Only Strangers – s/t (Horn & Hoof, 2018)

For my money, this self titled record from Stoke on Trent’s Only Strangers is hands down the best release Manchester based label Horn & Hoof records has put out to date (by a considerable stretch), demonstrating an improvement in overall quality. There’s also something of a stylistic shift away from an output that has mainly been pop-punk with a heavy influence from the early 2000’s Drive Thru Records roster, with an added touch of ska here and there. Now, don’t get me wrong, there’s nowt wrong with those things in and of themselves, I’m just not the target audience.

I’ve seen already that Only Strangers have been getting some nice (and well deserved) write-ups for this record, gathering effulgent and enthusiastic praise for their take on the melodic punk with grufty vocals schtick. This type of shit is definitely my jam, kids, and has been for quite some years. There’s been a strong tradition of this type of thing both at home and stateside (amongst other places) for a very long time indeed, producing some truly great and sometimes visionary bands. Of course, as with every strong tradition, weak imitations have regularly surfaced, sometimes achieving levels of success that far outstrip those of those with the true talent; the real innovators and groundbreakers (I’m looking at you, The Menzingers, you shitty shitty band, you).
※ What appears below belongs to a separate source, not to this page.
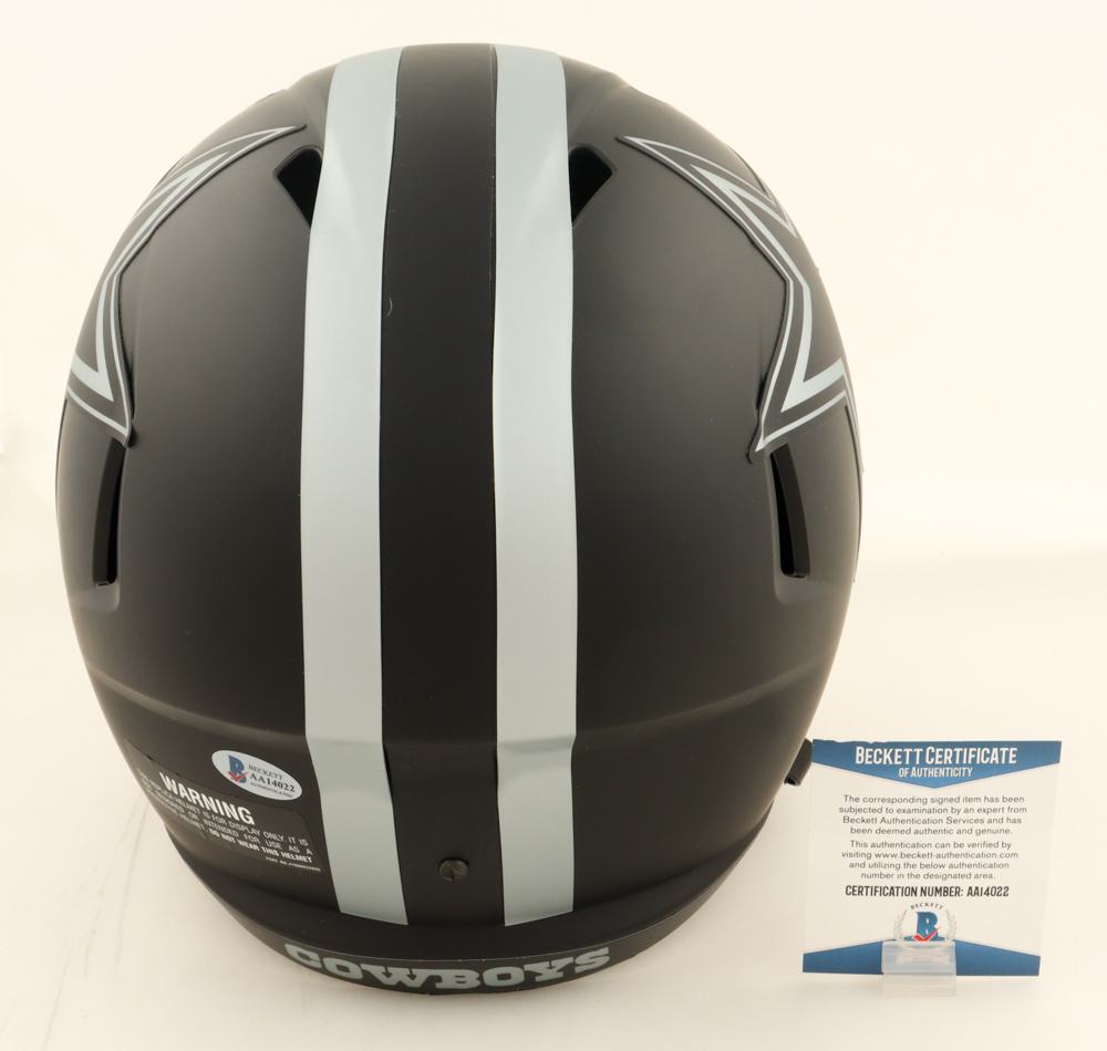 Riddell Dallas Cowboys full-size Eclipse Alternate Speed replica helmet. Hand-signed and inscribed by Jaylon Smith.

I’m happy to say that Only Strangers don’t feel like some jarg-ass, pallid copyists. Having said this, the wheel isn’t being reinvented here by any stretch. However, I’ve gone on record before to the tune of the wheel doesn’t need to be reinvented all that regularly – particularly when the songs are this good. These lads have made a distinctly gritty, British sounding record that gives nods to other notables from the UK scene of recent years such as Above Them and The Dauntless Elite amongst others. The sound also seems to draw on older bands, such as the recently reformed Consumed and Guns n’ Wankers (when are Wes Wasley and Duncan Redmonds gonna get that joint back together?!?). Other reviewers have mentioned the untouchable Leatherface – one of my all time favourites – but I don’t hear them here. However, there’s a definite hint of a post-Leatherface project, Medictation (Dickie Hammond – R.I.P – in collaboration with members of The Sainte Catherines).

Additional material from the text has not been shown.